WASHINGTON, September 26. /ITAR-TASS/. Ukraine needs official foreign assistance in the amount “closer to $100 billion rather than the $55 billion that the IMF is now estimating” to save its economy, American economist Desmond Lachman wrote in his blog on The Hill newspaper website on Wednesday.

The former International Monetary Fund (IMF) executive and now analyst at the American Enterprise Institute says “it is all too likely that the IMF is lowballing Ukraine’s needs in much the same way as it did in its Greek bailout programme.” He says the estimates are growing now the same as in the past. “Last May, at the time it launched its Ukraine lending programme, the IMF estimated that Ukraine might need around $35 billion in official external support. Today, some six months later, it is estimating that Ukraine might need around $55 billion in official external financing.”

Lachman says, “One would have thought that this question would have been the main topic under discussion during [Ukrainian President Petro] Poroshenko’s U.S. visit.

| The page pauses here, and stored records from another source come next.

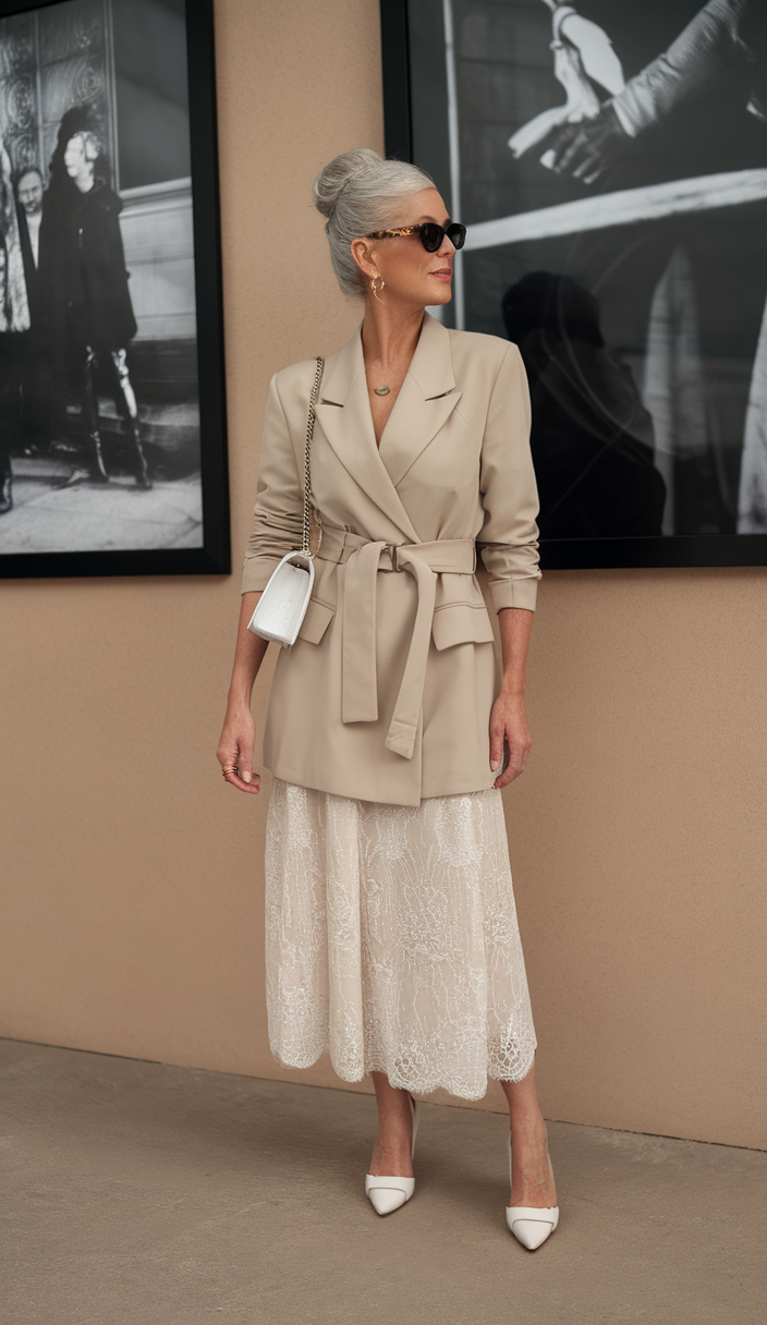 The outfit features a waist-cinching beige blazer with a homemade belt that sits perfectly on a lace midi skirt. The outfit design showcases today’s elegant blend of hard and soft shapes through seamless fusion. The outfit creates an elegant interpretation of dressy casual that works well for urban city visits or leisure lunches. This aesthetic staple is the ultimate choice for 2025 fashion.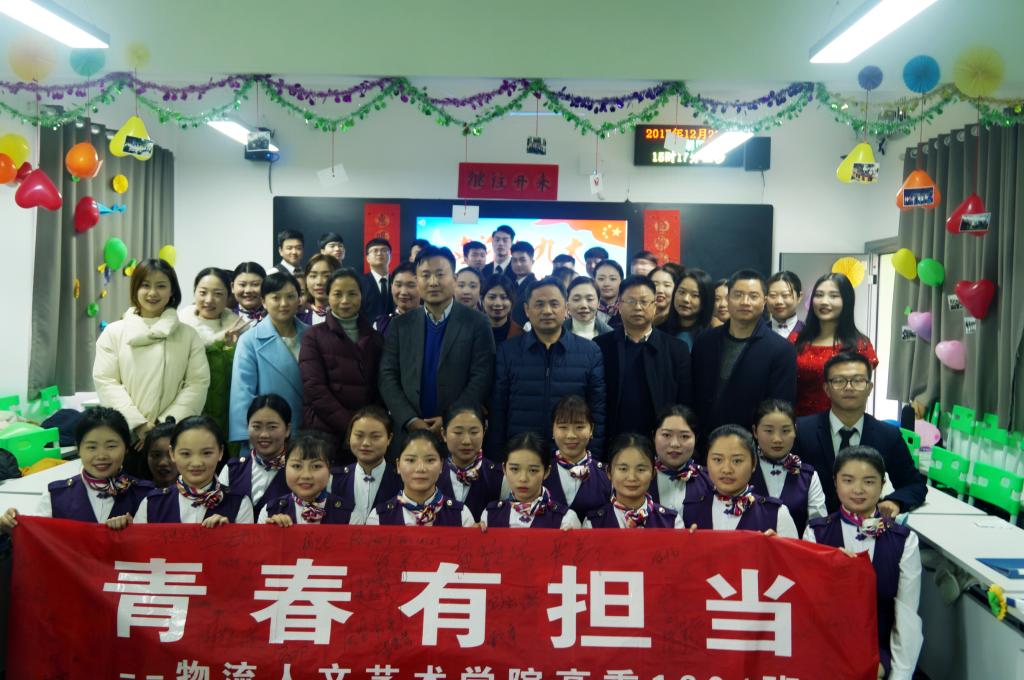 2017年12月28日下午,物流人文艺术学院高乘1604班在教学楼309教室召开“学习十九大,青春永担当”——不忘初心敢于担当团日主题活动。本次活动是全校师生“学习十九大”报告精神开展的系列活动之一,得到学校以及人文艺术学院领导的高度重视,学校党委书记龙吟、学校党委委员副校长严若红、学校党委委员宣传部部长夏红球、学校校学生处处长刘松山、学校校团委书记马娜、人文艺术学院副院长蒋兴君、各二级学院团总支书记以及校企合作老师莅临观摩了本次团会。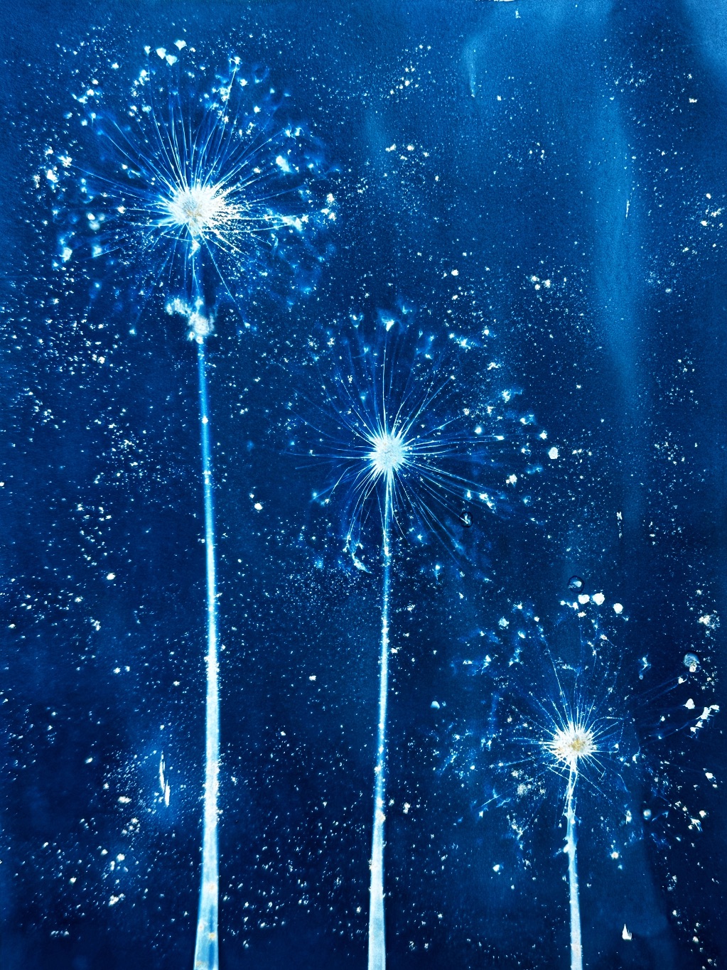 The cyanotype process was invented in the 1840s before the camera was invented. The chemicals are painted onto watercolour paper or fabric. If for example a leaf is placed on top and it is left in the sun, the leaf stays white and the rest goes blue. This is the origin of the word 'blueprint'.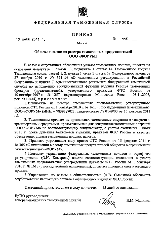 ПРИКАЗ ФТС РФ от 13.07.2011 N 1446
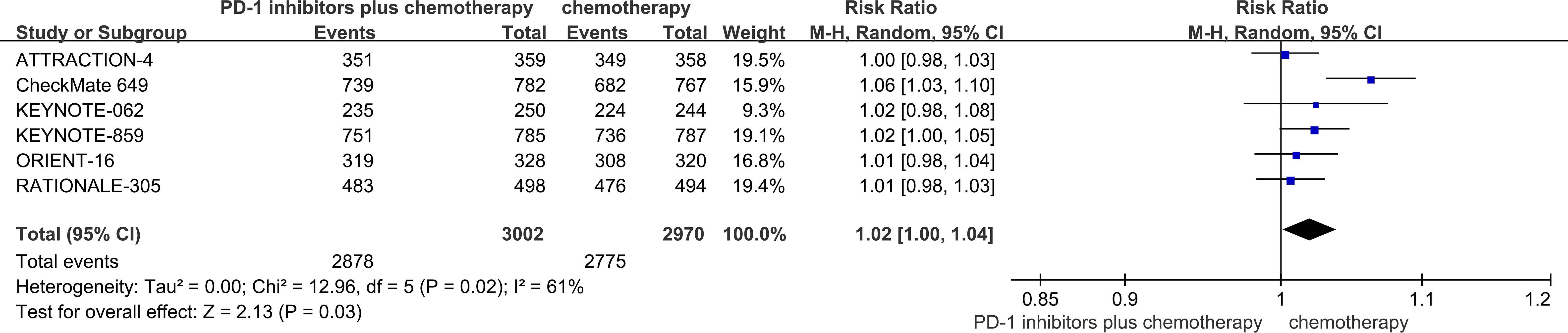 Forest plot comparing PD-1 inhibitors plus chemotherapy versus chemotherapy alone across six studies. Risk ratios with 95% confidence intervals are shown. The overall risk ratio is 1.02, suggesting a slight benefit for the combination therapy. Heterogeneity is moderate, with \(I^2\) at 61%.

If Kiev “might need at least an additional $19 billion of external official support to see it through 2015, the White House has agreed to provide Ukraine around an additional $50 million in assistance. This leaves unanswered the basic question as to from where the remaining $18.95 billion is to be obtained,” the analyst says.

According to him, “This is not to argue that Ukraine’s economy is not worth supporting, especially considering the country’s geopolitical importance to the West. Rather, it is to argue that the U.S. taxpayer deserves a transparent and realistic discussion of how much money supporting Ukraine will in the end cost the official international community.” “In that respect, one has to hope that [U.S.] policymakers do not resort to backdoor financing of Ukraine through the IMF without appropriate legislative approval. This is all the more so the case considering that any further substantial IMF lending to this war-torn country runs the risk of significantly compromising the IMF's balance sheet and undermining its credibility as a condition-based lender,” the analyst says.

Meanwhile, the IMF existing programme for Ukraine is estimated at some $17 billion for the next two years. IMF Communications Director Gerry Rice told reporters at a briefing on Thursday that Kiev had not officially asked for this programmes revision, although it is the key part of the international assistance package on the tentative amounts of which Lachman commented.

The Hill newspaper is written for and about the U.S. Congress, with a special focus on business and lobbying, political campaigns and other events on Capitol Hill. The newspaper features investigative reporting, profiles of lawmakers and aides, features describing the sociology and politics of the Hill.